Jason M. Lemkin at Quora Visit the source
Other answers
I think it's an awful sales strategy for SaaS company and I came to this question out of frustration for not be able to find at least an indicative pricing structure on their website. Every company has a budget, I don't want to waste even a minute with an account development rep if my budget is $200/month and the solution is $2,000/month. Transparency should be extremely important in this industry.
Franco Caporale
I have come across the same issue as I'm doing a lot of research on Enterprise technology right now.

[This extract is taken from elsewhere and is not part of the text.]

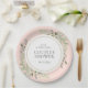 Con delicadas hojas de vegetación de acuarela sobre un fondo rosa claro, este plato de papel botánico chic para ducha de parejas se puede personalizar con los detalles de su evento especial. Diseñado por Thisisnotme©
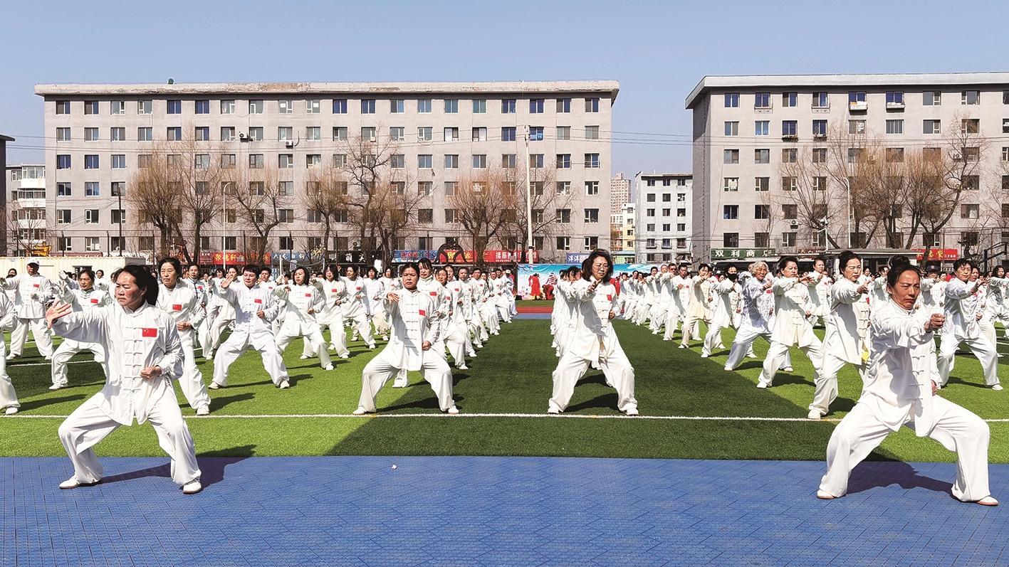 3月21日,恰逢首个“国际太极拳日”。当天上午,白山市老年人体育协会组织近千名太极拳爱好者举办展演活动,展示太极与健身的魅力。 金泽文 摄

What I have found is that companies will post pricing plans if they have an easy to implement product and a very clear metric (Website visitors, # of salespeople, etc) for segmenting potential customers. As the number of potential variables increases so does the likelihood that they won't post pricing. I'm like everyone else, I would love to see the pricing upfront but if I were GoodData I wouldn't post pricing. I don't think a solution like GoodData's is something you just try out. Their strategy seems to be working so far.
Thomas Berolzheimer
Using this method, their pre-sales team can qualify any prospect by asking relevant questions in the call that follows. You may have a point about the fact that the absence of a pricing page acts as a barrier to customer signup. But, you will accept that folks who contact the vendor in spite of this, can be assumed to be serious prospects.
Aditya Sanyal
If you're looking for qualified leads it is indeed a good method. But I guess a well designed "Contact us" page would do the same and I believe this method prevents potential customers that do not want to be contacted or that just want to discover the solution themselves (maybe after having used the free product for a while) from converting. I myself have a few subscriptions to cloud services and have never contacted the companies that provide them (Amazon, Google Apps, Zendesk etc). If the product is easy to use I just want to get started. I like companies to have transparent pricing models. Especially in the Enterprise software world it is nearly impossible to get a good view of how much a product is going to cost due to ambiguous licencing structures. One of the key benefits of cloud products I think is that pricing becomes much clearer when you pay a simple monthly fee.